Я слушал, разинув рот. Я - жених! В таких новых для меня щекотливых вопросах я все еще чувствовал себя мальчишкой. Ведь мой шестнадцатый год только подходил к концу. Я расхохотался.

- Вот тогда посмеешься! Будешь женатиком в семнадцать лет, - снисходительно набавив мне год, пророчески предостерег Иван.
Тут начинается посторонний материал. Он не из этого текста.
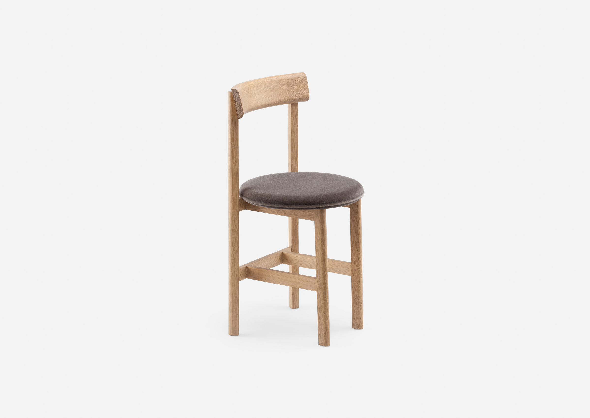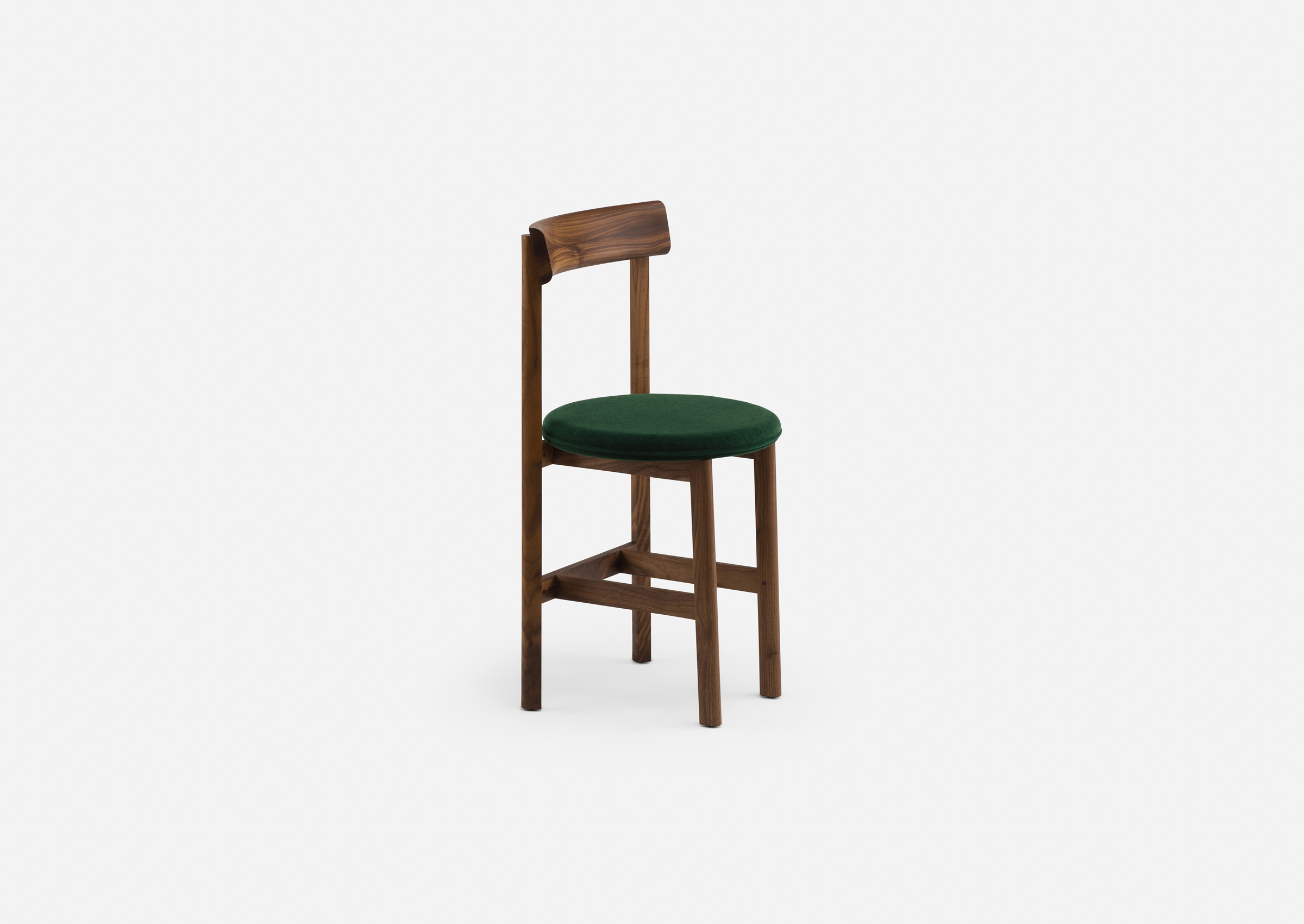 Petit, a compact dining chair in solid wood with an upholstered seat, was specially designed by Neri & Hu as part of their interior design for Papi restaurant, Paris. The chair, available with 3 or 4 legs, addresses the needs of smaller spaces or making room for more guests around a table.
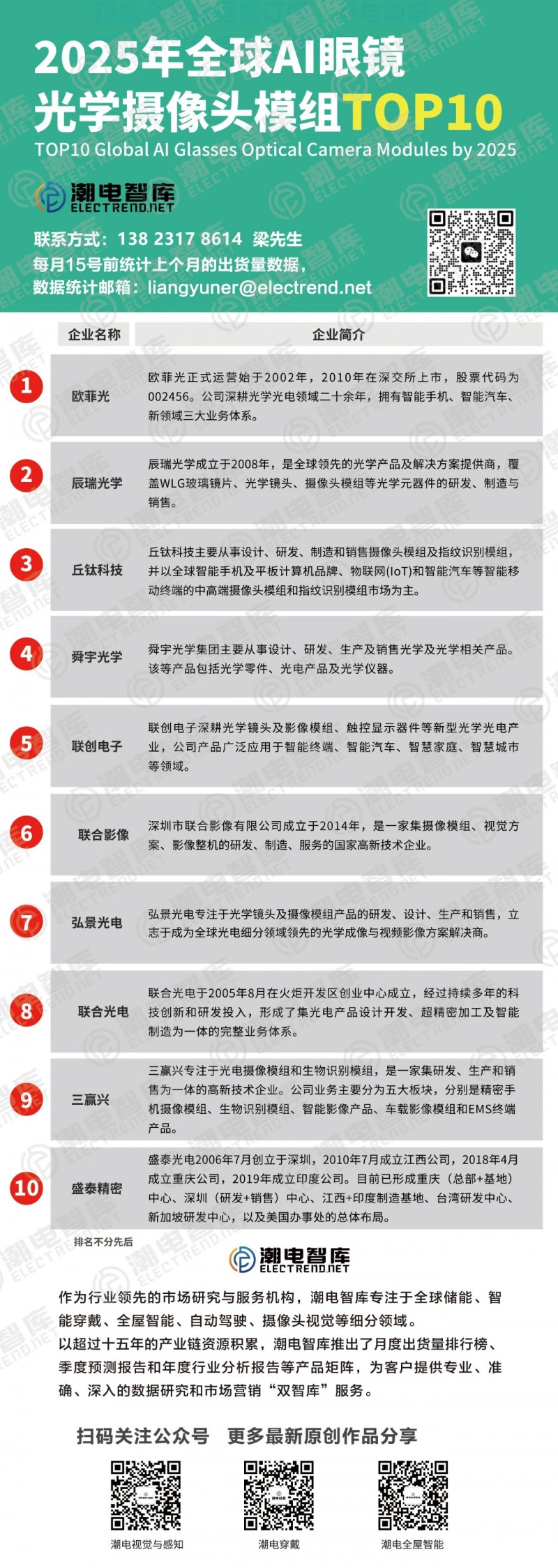 從技術(shù)層面來(lái)看,AI眼鏡的核心功能大致包括實(shí)時(shí)翻譯、增強(qiáng)現(xiàn)實(shí)導(dǎo)航、社交互動(dòng)以及個(gè)人助理等,但是需要滿足以上功能的前提是眼鏡能“看得到”,所謂看得到,無(wú)非就是在AI眼鏡上的光學(xué)影像,為更好的了解光學(xué)市場(chǎng)信息,潮電智庫(kù)整理了2025年全球AI眼鏡光學(xué)攝像頭模組廠商TOP10,歡迎未上榜企業(yè)聯(lián)系潮電智庫(kù)溝通。
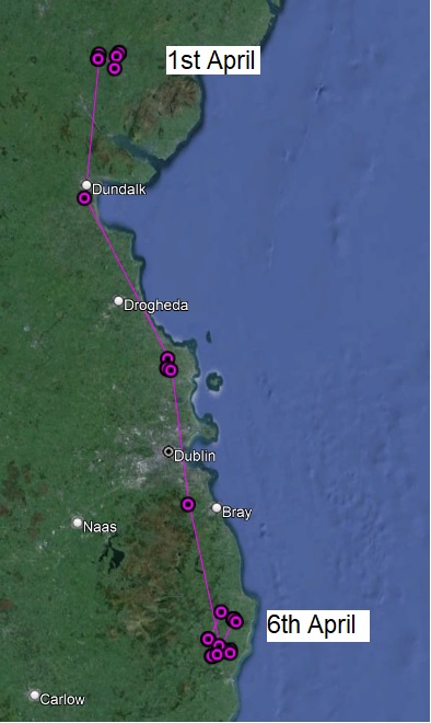 Red kite ‘9G’ (see here) has decided once again to leave Northern Ireland and has arrived back in south Wicklow. Many red kites are thinking about laying around this time so it’s looking like 9G wont be settling down any time soon!
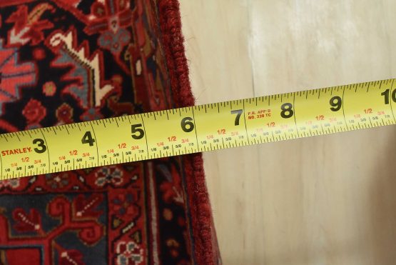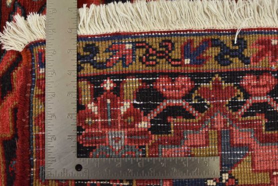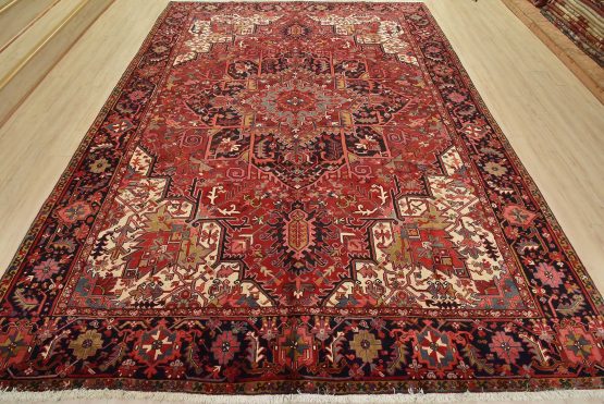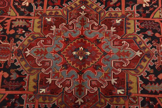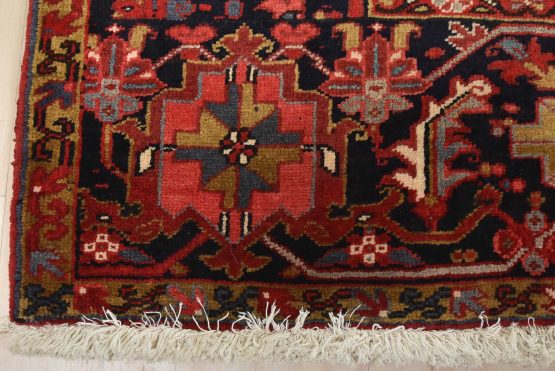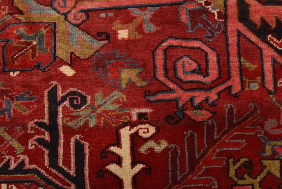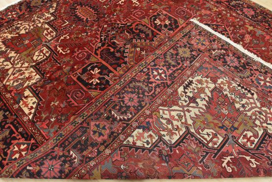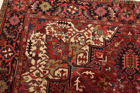 An authentic vintage traditional Heriz rug hand-knotted with fine wool and natural dyes. This oriental rug features a large central medallion surrounded by botanical motifs set against a red background. It has a full wool pile with no worn areas and is in very good condition.
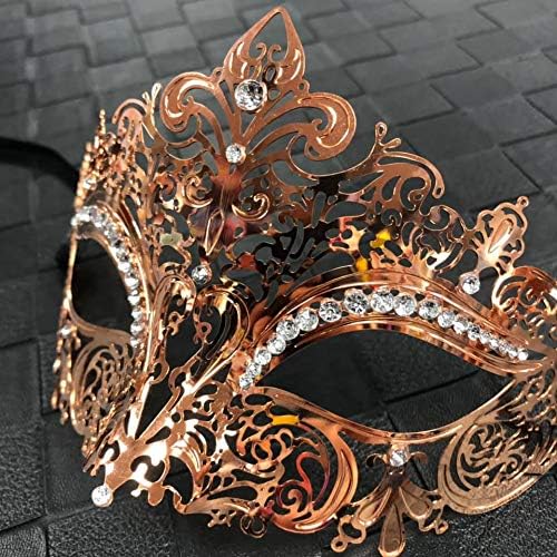 Painted, Venice style, using the high quality plastic and Eco-friendly materials The Venetian Mask secured with two Black silk ribbon ties Excellent to wear to Mardi Gras, Costume, Prom, Dance Parties, Mask Events & More. The mask is designed with intricate Venetian details Size: One Size fit Most, Material: Metal for Women
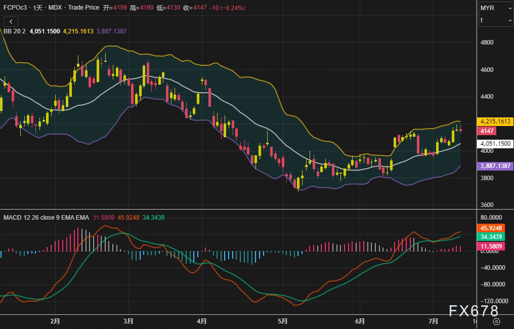 汇通财经APP讯——周四(7月10日),马来西亚衍生品交易所(BMD)棕榈油主力合约FCPOc3收报4147林吉特/吨,日内下跌0.24%,结束此前三连涨。日线级别MACD指标呈现11.58的柱状线,快慢线间距收窄至34.34,布林通道中轨位于4051林吉特,显示市场正面临方向性选择。

Вспоминая разговор с Роговым, я долго смеялся над тем, что меня принимают за Сашиного жениха, но - удивительно! - мысль эта нет-нет и закрадывалась в мою голову, становясь навязчивой. Когда томление любви овладевало мной особенно глубоко и я тосковал по Саше, я вновь представлял ее в постоянной к себе близости, и незнакомое волнение охватывало меня.

Саша опять стала прибегать к нам, но засиживалась недолго. Я торопливо задавал ей какой-нибудь урок - что-нибудь написать или решить первую попавшуюся задачу, но это только для виду. Уроки стали для нас лишь поводом для встреч.

Однажды утром я вышел из хаты во двор. В солнечное летнее утро, когда в свежем, отстоявшемся за ночь от пыли воздухе пахнет влажной от росы лебедой, а с левады тянет укропом и наливающимися молодыми огурцами, когда на скворечнице бодро насвистывает скворец и хлопотливые ласточки с веселым щебетанием кормят в прилепленных под застрехами гнездах своих прожорливых птенцов, когда сам ты юн, здоров, чист разумом и сердцем, - все воспринимается с какой-то обнаженной, первозданной ясностью и остротой: каждый звук, каждый запах, малейшее колебание ветерка.

С какого-то времени высокий деревянный забор, отделявший двор Фащенко от кахановского, стал для меня как бы огромным магнитом. Каждое утро, а нередко и днем я подходил к забору, надеясь услышать знакомый голос или увидеть в щель между досками Сашины глаза и алую ленту в темных кудрявых волосах.

Я простаивал под забором часами, прислушиваясь и замирая; все время вглядываясь в щель. Иногда Саша, заметив меня, подбегала к изгороди, и я видел в щели ее сверкающие озорством глаза. Она кивала мне, посмеиваясь.